Boundary Layer Analysis for the Fast Horizontal Rotating Fluids

TL;DR

This paper investigates the boundary layer behavior of fast rotating fluids with rotation axes parallel to the boundary, deriving a nonlinear PDE system similar to the 2-D Prandtl system and proving its well-posedness in analytic function spaces.

Contribution

It introduces a new boundary layer model for parallel rotation axes and establishes well-posedness results, extending understanding beyond the classical Ekman layer case.

Findings

Derived a nonlinear PDE system for the boundary layer with parallel rotation.

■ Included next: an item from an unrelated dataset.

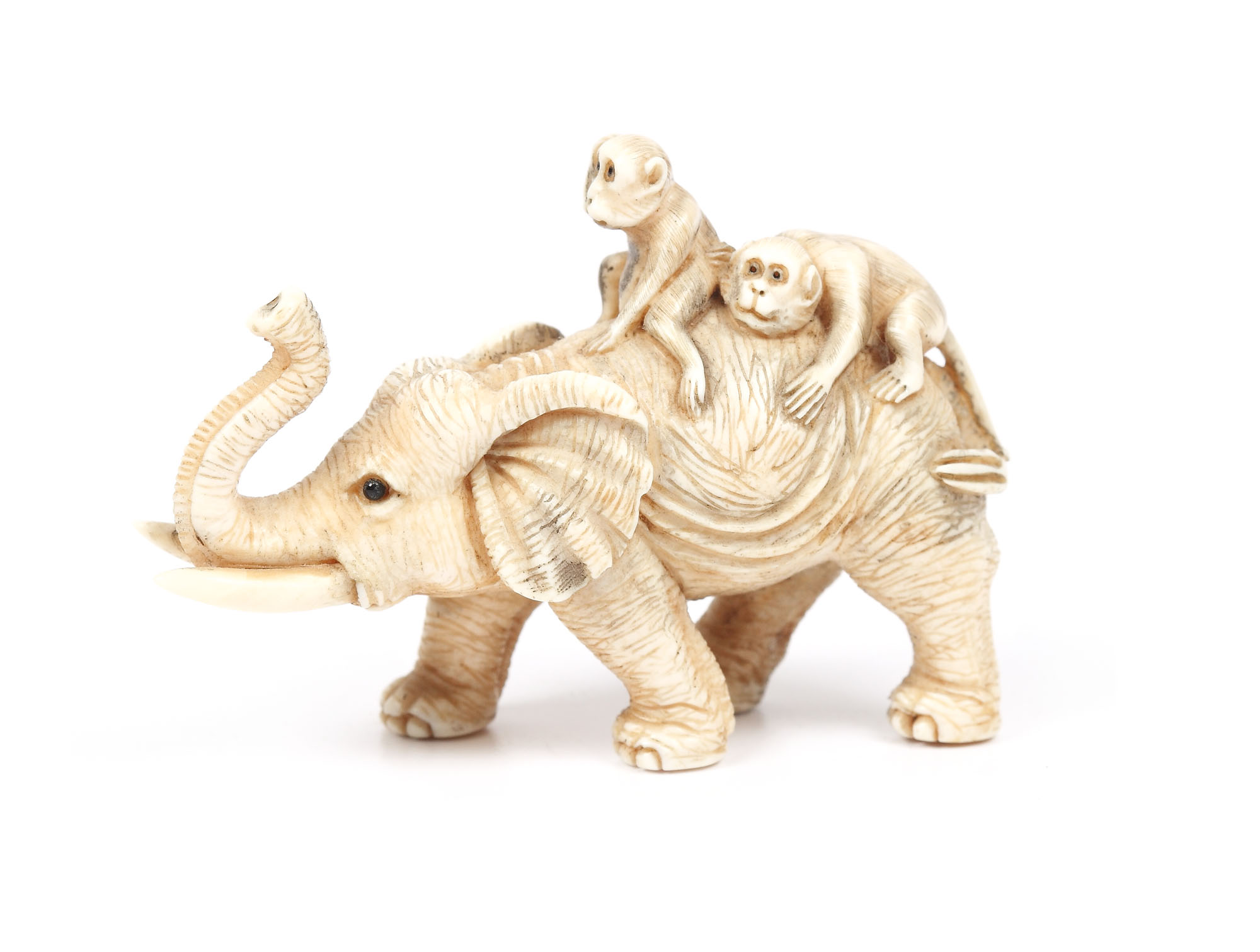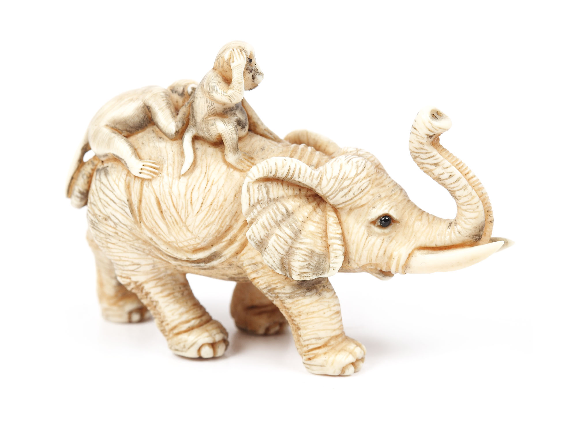 47. Netsuke din fildeş reprezentând două maimuţe călărind un elefant, semnat de sculptor japonez de perioadă Edo

Proved well-posedness of the boundary layer system in analytic function spaces.

Identified similarities to the 2-D Prandtl system in the boundary layer dynamics.

Abstract

It is well known that, for fast rotating fluids with the axis of rotation being perpendicular to the boundary, the boundary layer is of Ekman-type, described by a linear ODE system. In this paper we consider fast rotating fluids, with the axis of rotation being parallel to the boundary. We show that the corresponding boundary layer is describe by a nonlinear, degenerated PDE system which is similar to the 2-D Prandtl system. Finally, we prove the well-posedness of the governing system of the boundary layer in the space of analytic functions with respect to tangential variable.